Aneurysms are most common between the ages of 30 and 60. Women are more prone to them than men.
Most unruptured aneurysms don’t cause symptoms and don’t require treatment. An aneurysm that is leaking or has burst requires emergency surgery.
What to know about brain aneurysms during pregnancy
For pregnant women, aneurysms have a high mortality rate for both mother and fetus, according to Dr. Marc Siegel, professor of medicine at NYU Langone Medical Center.
“A subarachnoid bleed (most likely from a pre-existing aneurysm) is five times more likely in pregnant women,” he told Fox News Digital.
Also called a subarachnoid hemorrhage, this type of bleeding occurs in the space below one of the thin membranes covering the brain.
High blood pressure — referred to as preeclampsia when it occurs during pregnancy — may also play a role, Dr. Siegel said.
This type of bleeding occurs in the space below one of the thin membranes covering the brain.
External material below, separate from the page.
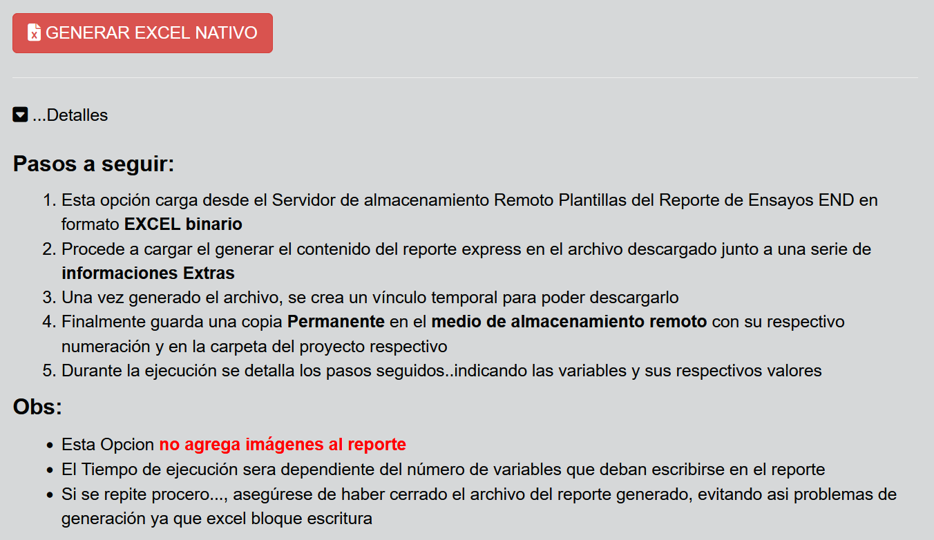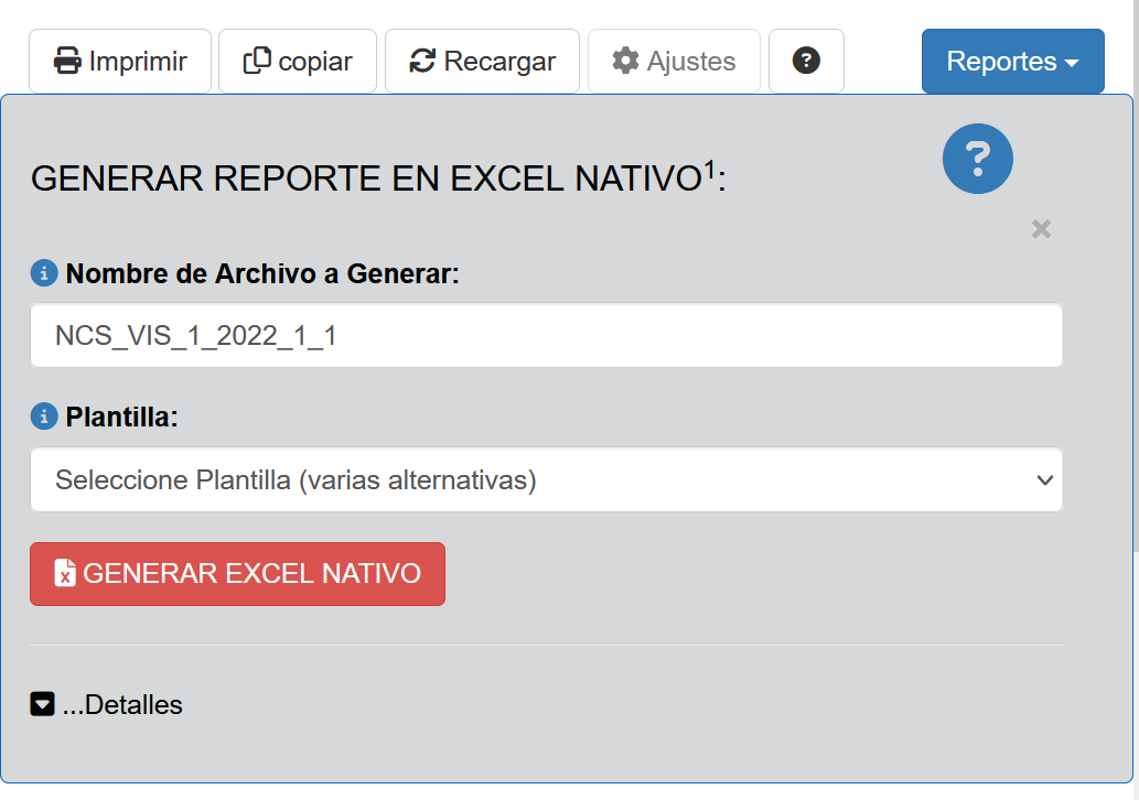 Fig 677 Ventana detalle para la generación de Reporte EXCEL en formato Nativo.

Preeclampsia has been shown to double women’s risk of stroke, per the American Heart Association (AHA), but a 2019 entry published in the AHA journal Hypertension stated that there is conflicting data “regarding whether pregnancy increases the risk of an aneurysm or AVM rupture, and no studies have evaluated the effect of preeclampsia on the risk of rupture.”
Other research, however, has linked pregnancy to a higher risk of intracranial bleeding from cerebral aneurysms.
A 2019 study published in the Turkish Journal of Obstetrics and Gynecology found that “rupture of an intracranial aneurysm still remains the most common cause of subarachnoid hemorrhage during pregnancy … its prevalence is five times higher in pregnant women than in non-pregnant women.”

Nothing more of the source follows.